Но, помимо этого, Розамунда обратила вспять болезненный процесс, который казался неизбежным. Мы считали, что, как бы то ни было, мы с Мэри должны выйти в мир и оставить гордую и амбициозную Корделию, униженную своим бездельем, дома. Но это она отдалилась от нас, а мы оказались позади. Ее кровать словно превратилась в баржу, а мы застыли на причале. Розамунда не отходила от нее ни на минуту и своим шитьем занималась тоже в ее комнате, где к ней часто присоединялись Констанция и, когда не было других дел, Кейт, и все трое сидели и шили. Иглы в их руках казались веслами, и они гребли ими, увозя Корделию прочь к землям, где жили немузыкальные люди. Но, разумеется, это тоже была музыка. Женщины работали в плавном темпе, в строгом ритме. Они задавали этот темп и ритм комнате и самой Корделии. Вскоре на покрывале уже лежали странной формы лоскуты, и Корделия, похоже, понимала, как сшить их друг с другом, чтобы из них что-то получилось. Мы с удивлением находили у ее кровати всевозможные нитки и шелка, которых никогда раньше не видели, и странной формы иголки, и Корделия объясняла нам, для чего они, как будто умела ими пользоваться давным-давно.
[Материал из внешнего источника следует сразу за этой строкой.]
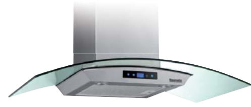
BTC6750GL / BTC9750GL 60cm / 90cm Stainless Steel Chimney Hood with Glass Canopy LCD Display 750m 3 /hr Superior Extraction Rate
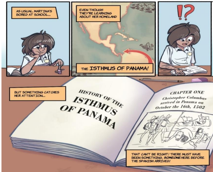
Figure 1. Martina and the Bridge of Time
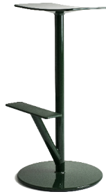
Matt colour Dark Green
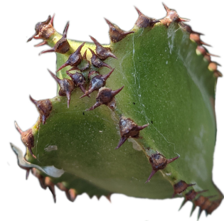
Something with 4 fold rotational symmetry
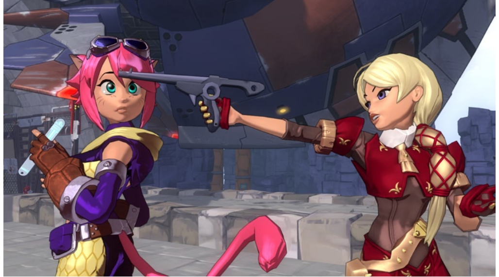
Blade Kitten .

Save time when modeling and maintain focus on the creative task at hand with a new in-context UI for polygon modeling tools that enables you to more interactively manipulate properties and enter values directly at the point of interest in the viewport.
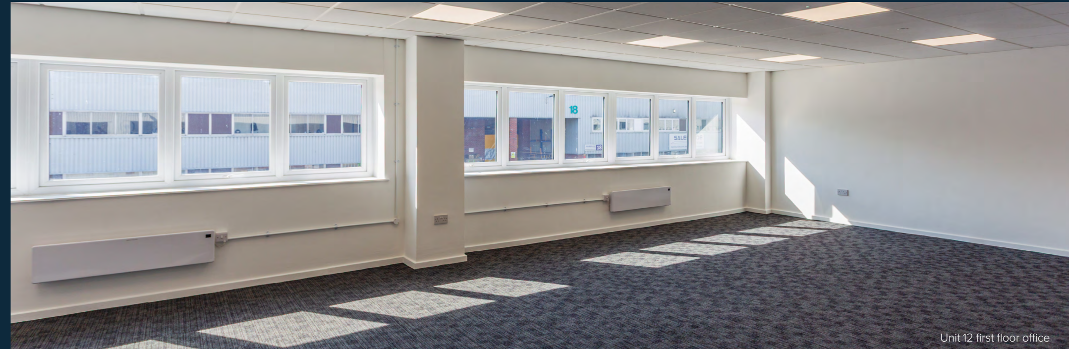
Unit 12 first floor office

Она теперь постоянно листала журналы, которые раньше никогда не попадали к нам в дом, полные бумажных выкроек и лекал, и рассуждала так, словно у нее много дел, но ни одно из них не должно быть сделано к определенному сроку или непременно хорошо. Она стала такой же безмятежной в своей миловидности, как цветы, которые мы ставили у ее кровати.
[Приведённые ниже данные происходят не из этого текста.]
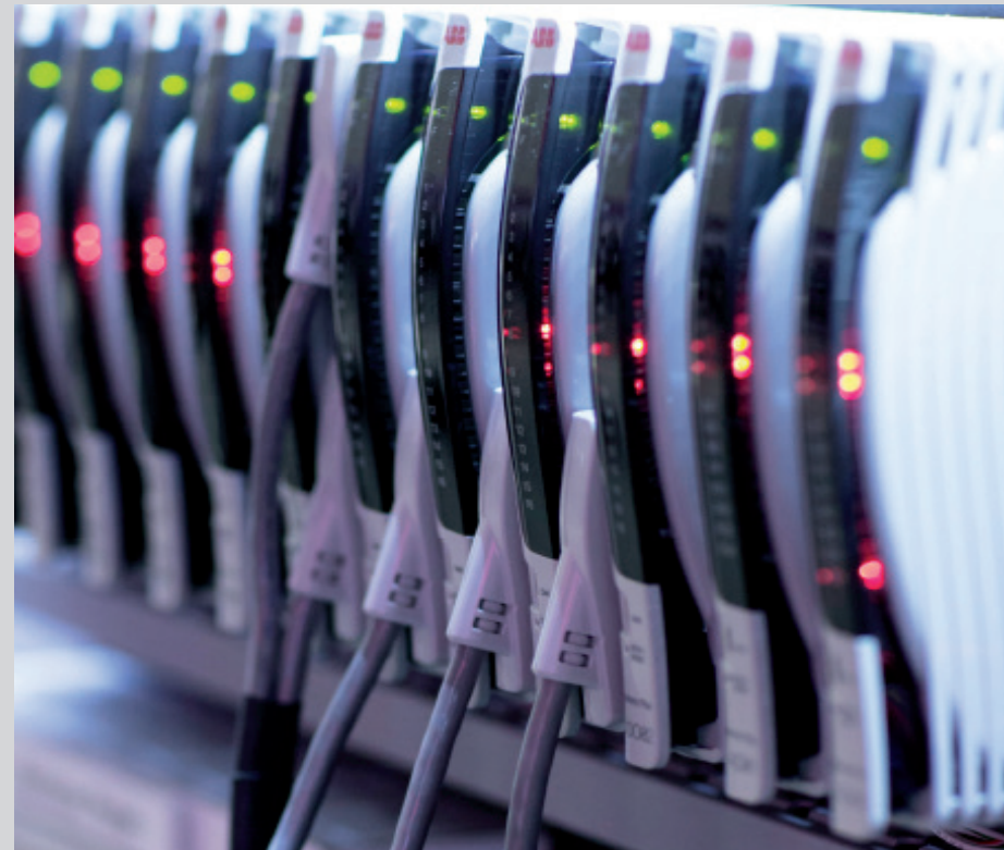
ABB Ability™ Symphony® Plus SD Series Control and I/O

Мы с Мэри получили стипендии в разных консерваториях; она поступила в Колледж принца Альберта в Кенсингтоне, а меня приняли в академию в Марилебоне. Мэри должна была взять мамину девичью фамилию и стать Мэри Кит, а я оставалась Роуз Обри. Эти изменения пришлись нам не по душе; из-за них казалось, будто стать музыкантом – все равно что перенести операцию или умереть, словом, пройти через одно из тех страшных испытаний, которые проживаешь в одиночестве. Но на них настоял мистер Киш. Он говорил, что нельзя, чтобы две концертирующие пианистки носили одинаковые фамилии; он опасался, что если мы и дальше будем вместе, то сами себе выроем яму и станем критиковать своих учителей, применяя к ним наши семейные стандарты. Мне он также сказал, что было бы жаль, если бы нам с Мэри пришлось соревноваться друг с другом за награды. Когда я заверила его, что это неважно, потому что мы никогда не стали бы друг другу завидовать, он прочистил горло и сказал, что его беспокоит не это. Он боялся, что слишком частые напоминания о том, что Мэри играет лучше меня, могут привести меня в уныние. Я это подозревала, но ни одна из нас никогда не произносила этого вслух, и, к моему изумлению, при его словах на мои глаза навернулись слезы. Я отвернулась и выглянула в окно, чтобы он их не заметил. Но он знал, что без слез не обойдется, и объяснил, что Мэри играет словно ангел, словно она сошла прямо с небес, и, пусть даже никто из моих знакомых не понимает, что я играю не так, я сама всегда буду об этом знать. Но мне не стоит волноваться, потому что во мне есть нечто, что поможет мне не сдаться, я буду работать до изнеможения и в конце концов стану играть в некотором смысле так же хорошо, как Мэри. Странно, но когда он говорил это, то смущался больше, чем когда сравнивал меня с сестрой, как если бы считал качество, которое должно было меня спасти, грубым и примитивным.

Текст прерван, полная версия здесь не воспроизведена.